■ **PROBLEM REQUIREMENTS**
Give again, exactly as written, the lines of the records below from the line with "Detta flygfoto visar" to the line with "Để có thể khóa". Both end lines count; pictures do not.

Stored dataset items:
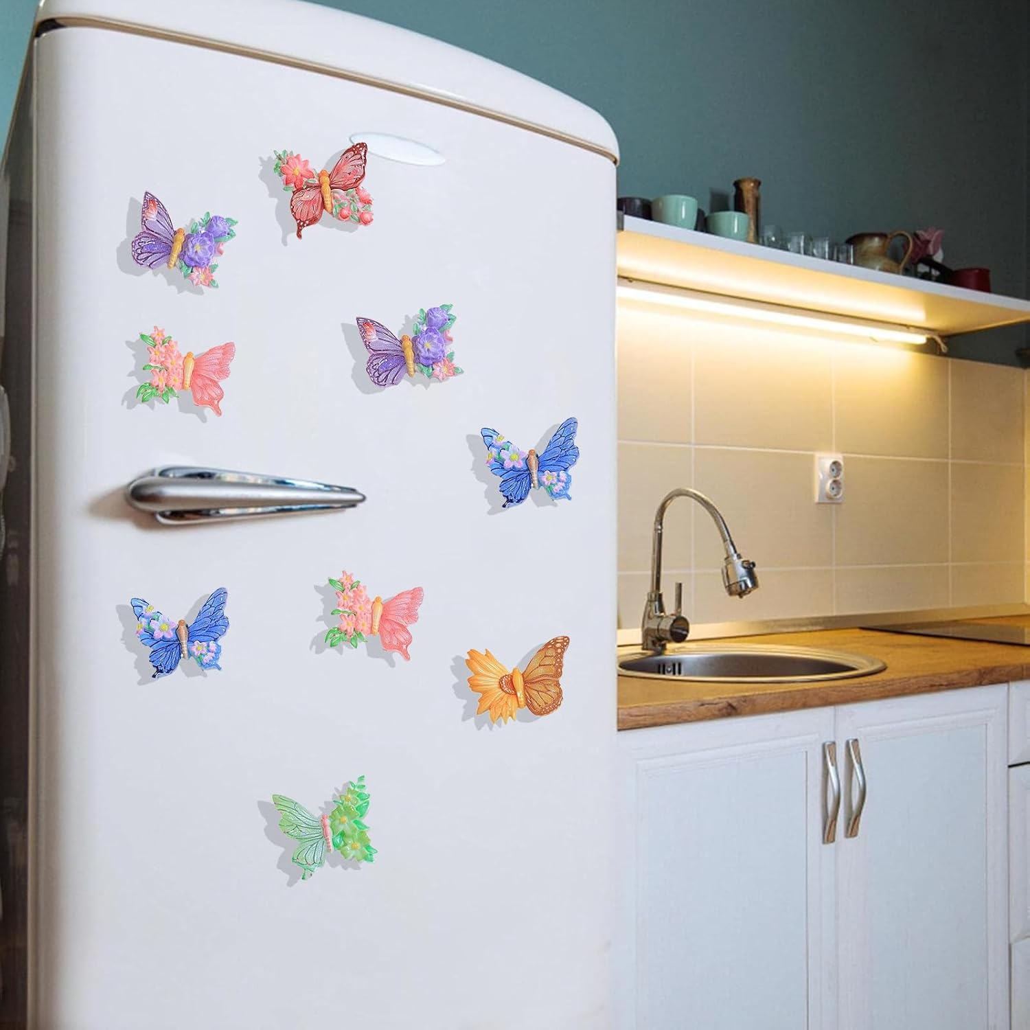 Enhance your space with these 9PCS Cute Butterfly Fridge Magnets, designed to bring a touch of charm and functionality to your kitchen, office, or home. Each magnet features a delightful butterfly shape with a vibrant flower pot design, adding a playful and decorative element to any metal surface. Crafted from durable natural resin, these magnets are built to last, resisting chipping and fading over time. The strong magnetic backing ensures a secure hold for notes, photos, or lightweight decorations. Perfect for organizing reminders or simply adding a decorative touch, these magnets are versatile and practical. Packaged as a set of nine, they make a thoughtful gift for any occasion, combining aesthetic appeal with everyday utility.
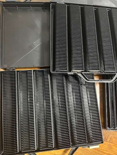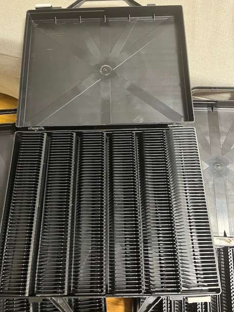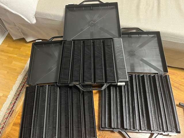 3 x DIA KOFFER mit je 5 Magazinen (Platz für 3 x 250 Dias = 750 Dias) + 2 x DIA KASSETTEN mit je 2 Magazinen (Platz für 2 x100 Dias = 200 Dias) NICHTRAUCHERHAUSHALT, TIERFREIER HAUSHALT - Magazine trocken im Wohnbereich gelagert - sichert Ihre Dias gegen...
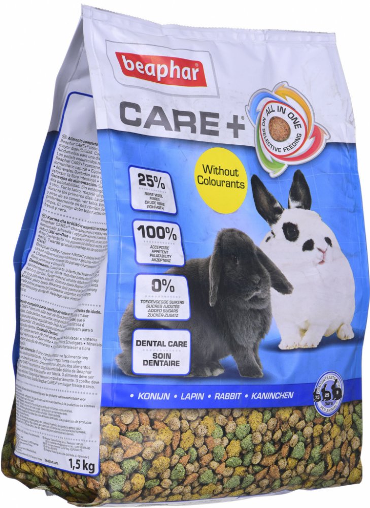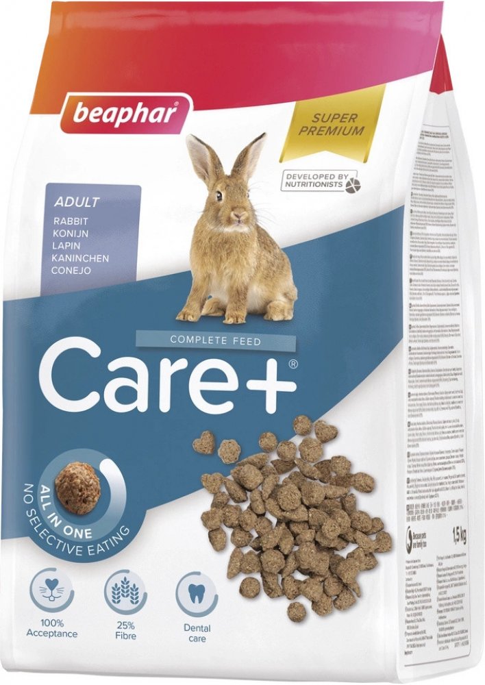 Care+ Rabbit je velice chutné super prémiové krmivo, které bylo vyvinuto ve spolupráci s chovateli, veterináři a odborníky na výživu. Je to 100% extrudované krmivo, tedy každá peleta má stejné složení (vše v jednom). Díky tomu máte jistotu že Váš králík má vše co potřebuje, protože je eliminován možnost vybírání částí potravy.
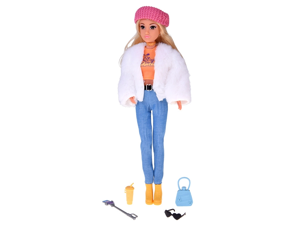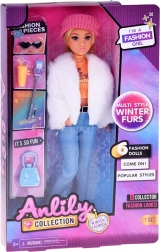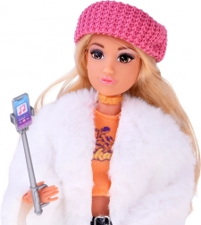 Stylová panenka ANLILY v zimní stylizaci potěší každého malého milovníka módy. Má dlouhé světlé vlasy, plně pohyblivé končetiny a bohatou sadu doplňků pro kreativní hraní. Nechybí měkoučký bílý kožíšek, růžová čepice, sluneční brýle ve tvaru srdíček, kabelka, kelímek s nápojem a selfie tyč – vše pro influencer scénky a focení bez obrazovky.
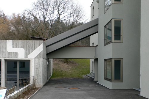 Die vorgenommenen Fassadeneingriffe und Anbauten führen die vorgefundene Architektursprache in zeitgemässer Interpretation weiter. Einzelne, prägnante Neubauteile setzen im Aussenraum belebende Akzente.
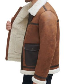 The jacket features a shearling-lined collar that adds both style and protection against cold winds. Moreover, the sturdy front closure allows a secure and adjustable fit. Full-length sleeves with shearling cuffs help retain warmth, while also contributing to the authentic aviator aesthetic. As a result, the jacket offers both practicality and timeless style.
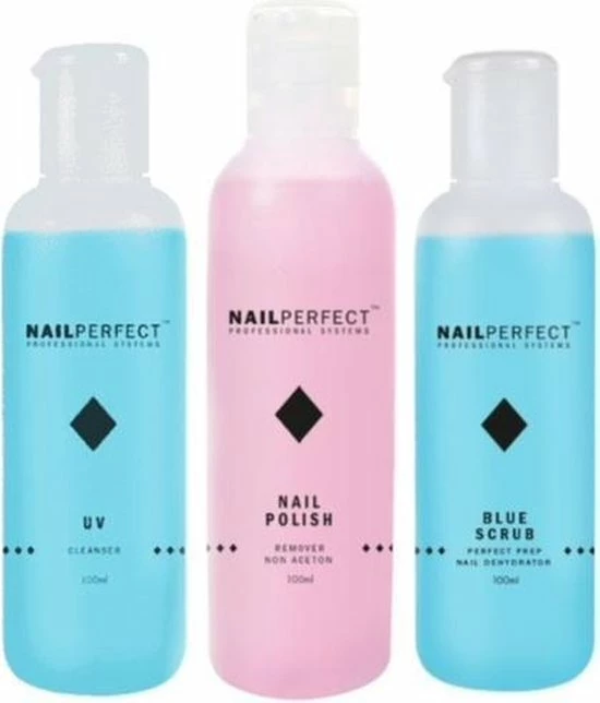 Een voordeel verpakking met 3 verschillende essentiele nagel vloeistoffen voor het voorbereiden van Gel Nagels en voor het verwijderen van de Gel Nagels.
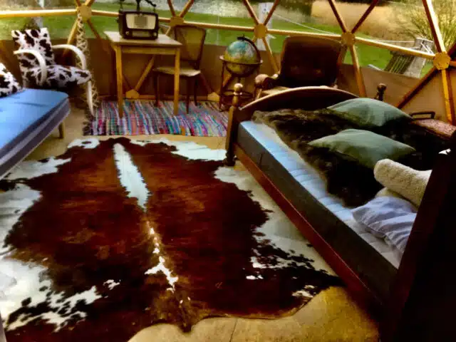 Découvrez nos bulles géodésiques sur pilotis avec terrasse et vue imprenable sur la nature environnante. Il peut accueillir 2 adultes et 2 enfants.
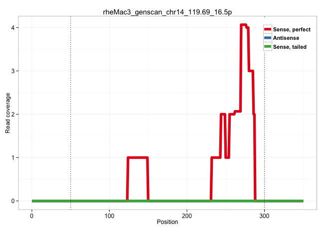 | ACTTCCTAAGCGGAGCCATGTCTGGTAACGGCAATGCGGCTGCAACGGCGGTGAGTGCTGAGCCGGTGACCAGCACACTTTGGGCTTCTGGACGAGCCGTGCAGCAATTGGCCCCAGGTTGCCATCCTCAGTCGCTATTGGTCAGAACGGCTTTTTTTTTTTTTTTTTTTTTTTGGTCCGAATAGTTTTTAAAGGGCCAGTAGTTCTGTTGCCCTCCGGAAGGAATGGGGAAATCAAGAGAGCGGTGGTGCTGGGTTAAGAGTGGAAGGATTGTCTGGAACAGAACCCCGGTCCCTGCGGGCATCTGGGTGGGATTCCCATCAGGCCTGGGATGCACGGCTCTAGATTTA ..................................................................................................................................................................................................................................................(((.(((.(((..((.(((............)))))..))).))))))............................................................ ...............................................................................................................................................................................................................................................240.................................................292........................................................ | Size | Perfect hit | Total Norm | Perfect Norm | SRR553605(SRX182811) source: Frontal Cortex. (Frontal Cortex) | SRR553581(SRX182787) source: Testis. (testes) | SRR553577(SRX182783) source: Frontal Cortex. (Frontal Cortex) |
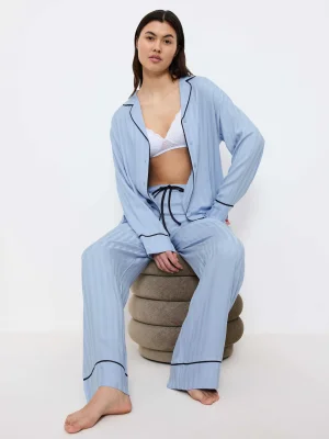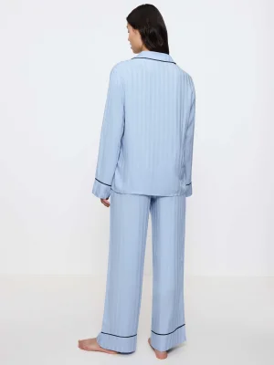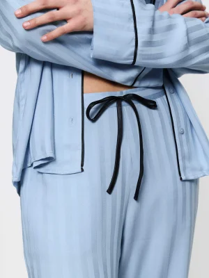 This pyjama set combines comfort with sophistication. The top features a collar and button-down closure, while the full-length pants include convenient side pockets. Sophisticated piping adds a touch of refinement to the overall design. It is crafted from soft, fluid, 100% certified Lenzing EcoVero viscose fabric, featuring a striped shiny and matte Jacquard pattern.
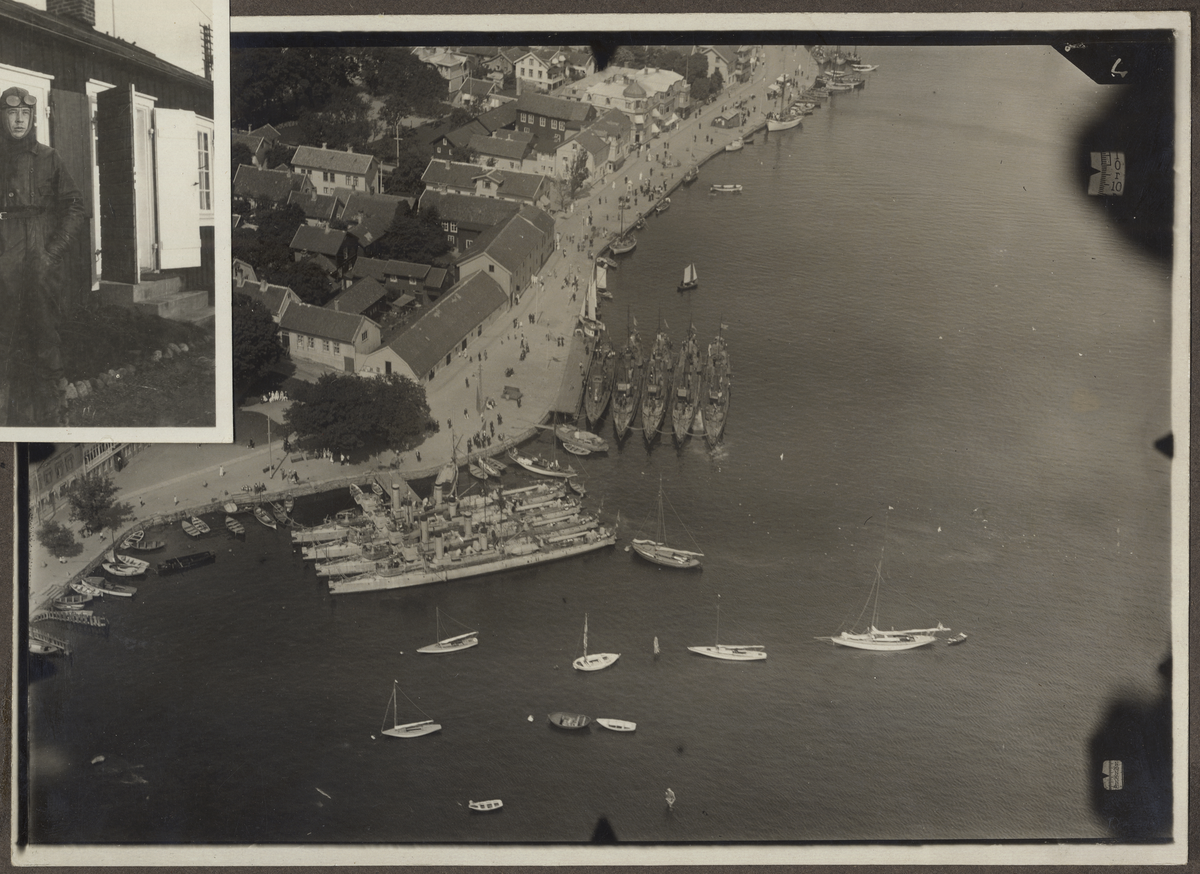 Detta flygfoto visar torpedbåtar som ligger förtöjda vid en brygga utanför Marstrand. I förgrunden syns flera småbåtar till ankars. Vid höger bildkanten finns exponeringar av mätinstrument.
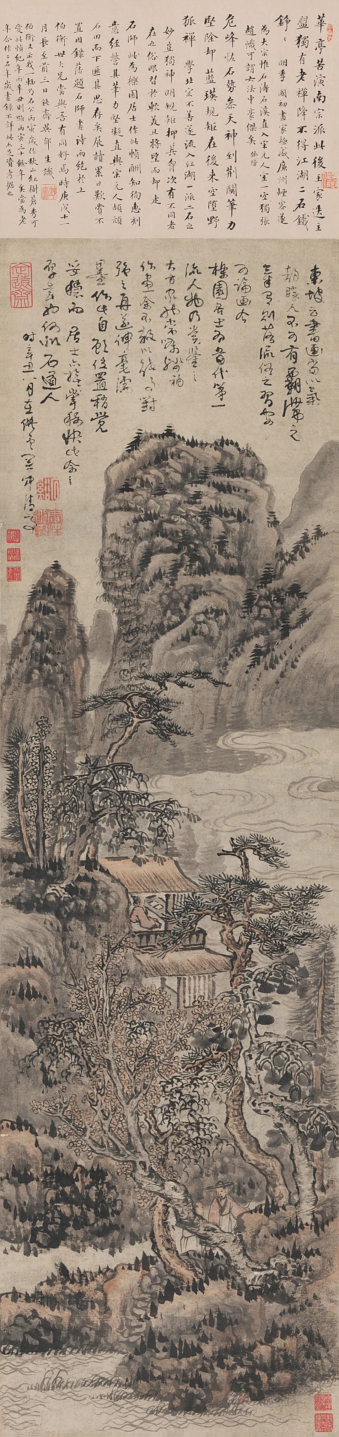 髡残,《为周亮工作山水》,102.5×29cm,立轴,纸本设色,1661
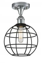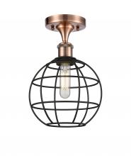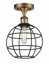 Lake Placid - 1 Light - 8 inch - Antique Brass - Matte Black Shade - Semi-Flush Mount
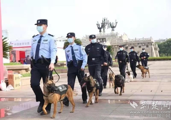 特警支隊帶警犬巡邏。通訊員供圖
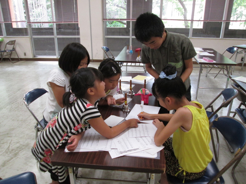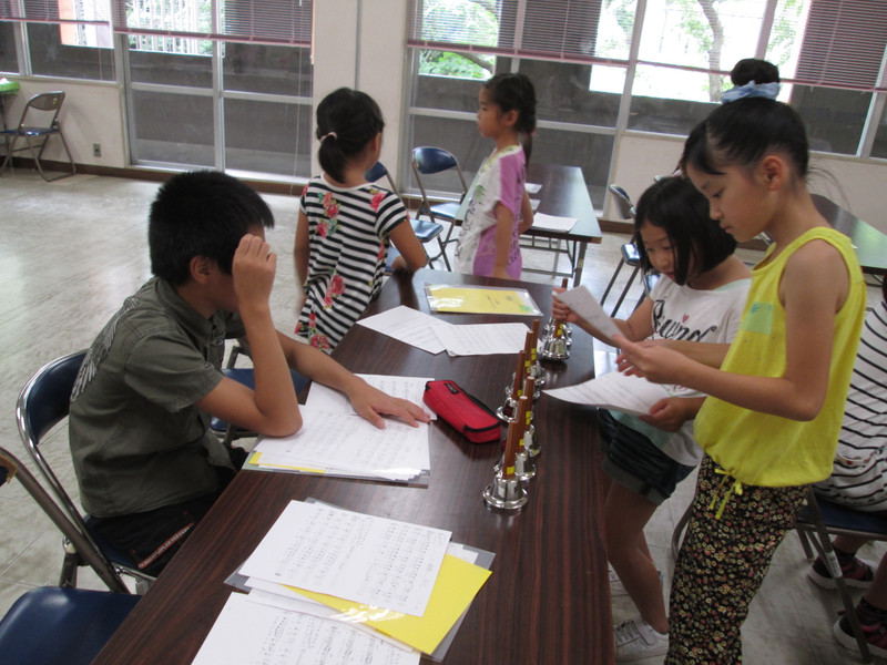 この曲にはどの音がいるのか、楽譜を見て自分たちでわかるようになりました。そして誰がどの音を受け持つのかも、リーダーが中心になって決めます。練習は真剣です。
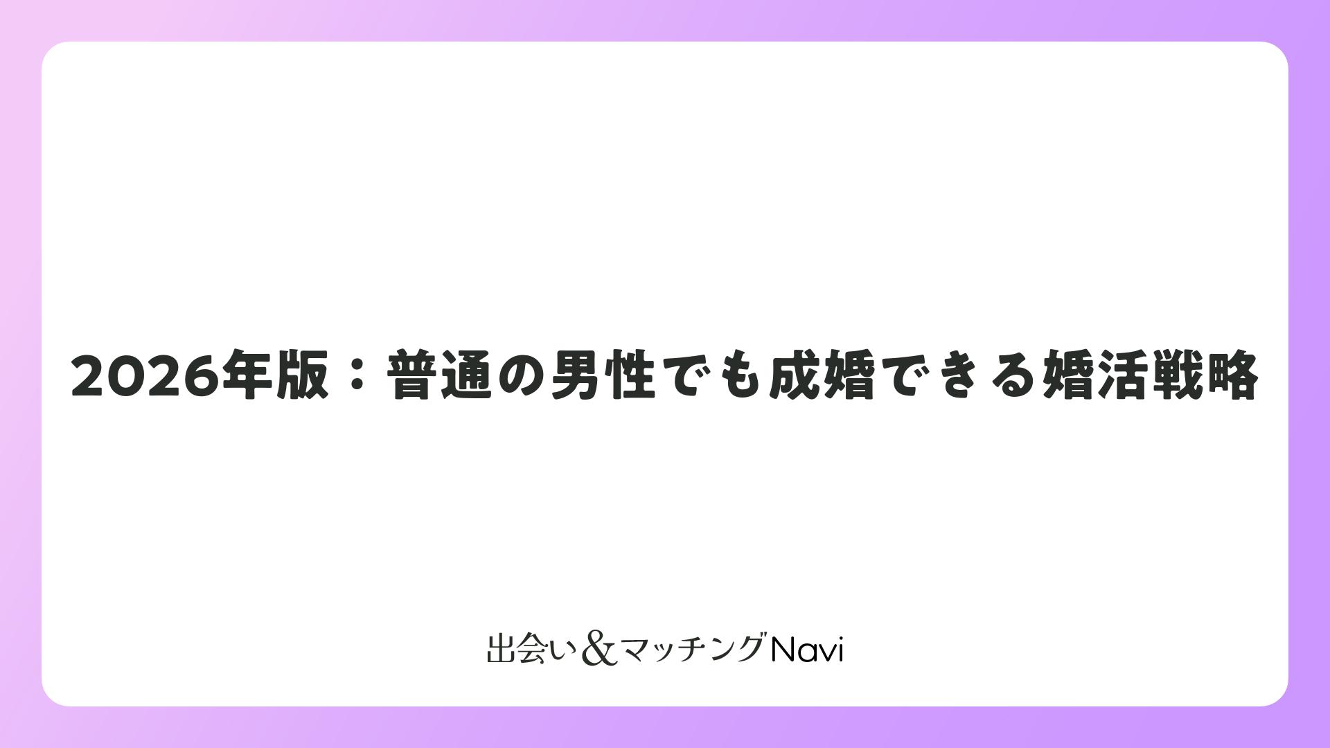 2026年版:普通の男性でも成婚できる婚活戦略をまとめました
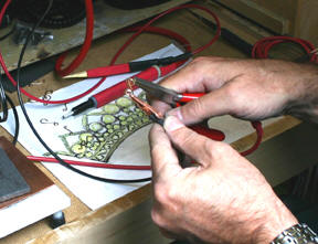 Howard sent the old gold out for refining and received over 4 ounces of fine gold in return. He alloyed the gold to 14-karat yellow, poured ingots and rolled wire for the crown. The crown has over 600 contact joints so Howard decided to use tack- and pulse-arc-welding technology. Here's an overview of the procedures he used:
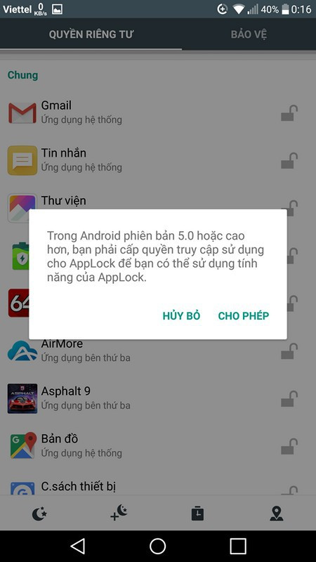 Để có thể khóa lại các ứng dụng, đầu tiên người dùng cần phải cấp quyền cho AppLock. Nhấn vào “Cho phép” từ hộp thoại hiện ra.
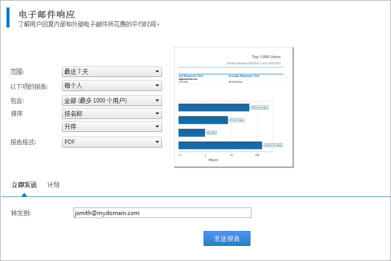 电子邮件响应报告显示员工回复电子邮件所花费的平均时间。
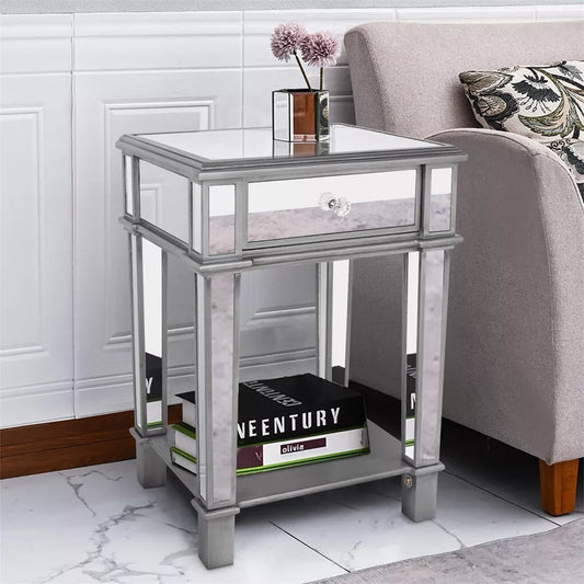 2-Tier Luxury Silver Mirrored Side Table Nightstand with ...
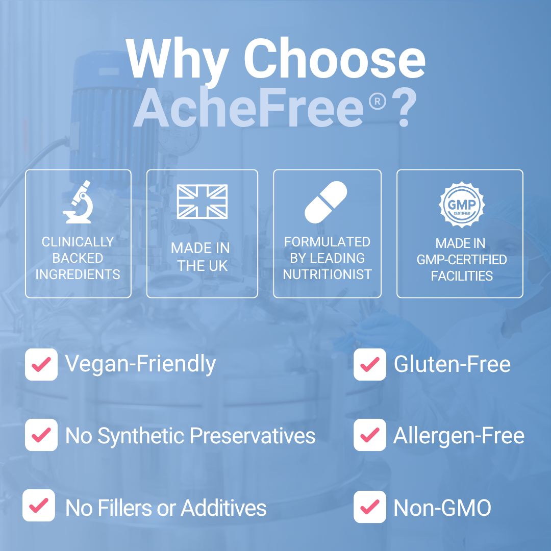 Neuaura’s Ache-Free Supplement is a food supplement. Food supplements are not a replacement for a varied and balanced diet and a healthy lifestyle. Information provided on this site is for general informational purposes only and should not be considered a substitute for professional medical advice. Always consult a healthcare professional before making any changes to your diet, lifestyle, or supplement routine. This statement has not been evaluated by the Food Standards Agency (FSA) or the Medicines and Healthcare products Regulatory Agency (MHRA). This product is not intended to diagnose, treat, cure, or prevent any disease. This product is not suitable for individuals under 18 years old, those who are pregnant, trying to conceive, or breastfeeding. AcheFree Supplement has not been studied in combination with prescription medications or other supplements; if you have any concerns about potential interactions, please consult a healthcare professional before use. If you have any pre-existing health conditions, seek medical advice before taking AcheFree Supplement.

■ **RESPONSE BELOW**
 Detta flygfoto visar torpedbåtar som ligger förtöjda vid en brygga utanför Marstrand. I förgrunden syns flera småbåtar till ankars. Vid höger bildkanten finns exponeringar av mätinstrument.
 髡残,《为周亮工作山水》,102.5×29cm,立轴,纸本设色,1661
 Lake Placid - 1 Light - 8 inch - Antique Brass - Matte Black Shade - Semi-Flush Mount
 特警支隊帶警犬巡邏。通訊員供圖
 この曲にはどの音がいるのか、楽譜を見て自分たちでわかるようになりました。そして誰がどの音を受け持つのかも、リーダーが中心になって決めます。練習は真剣です。
 2026年版:普通の男性でも成婚できる婚活戦略をまとめました
 Howard sent the old gold out for refining and received over 4 ounces of fine gold in return. He alloyed the gold to 14-karat yellow, poured ingots and rolled wire for the crown. The crown has over 600 contact joints so Howard decided to use tack- and pulse-arc-welding technology. Here's an overview of the procedures he used:
 Để có thể khóa lại các ứng dụng, đầu tiên người dùng cần phải cấp quyền cho AppLock. Nhấn vào “Cho phép” từ hộp thoại hiện ra.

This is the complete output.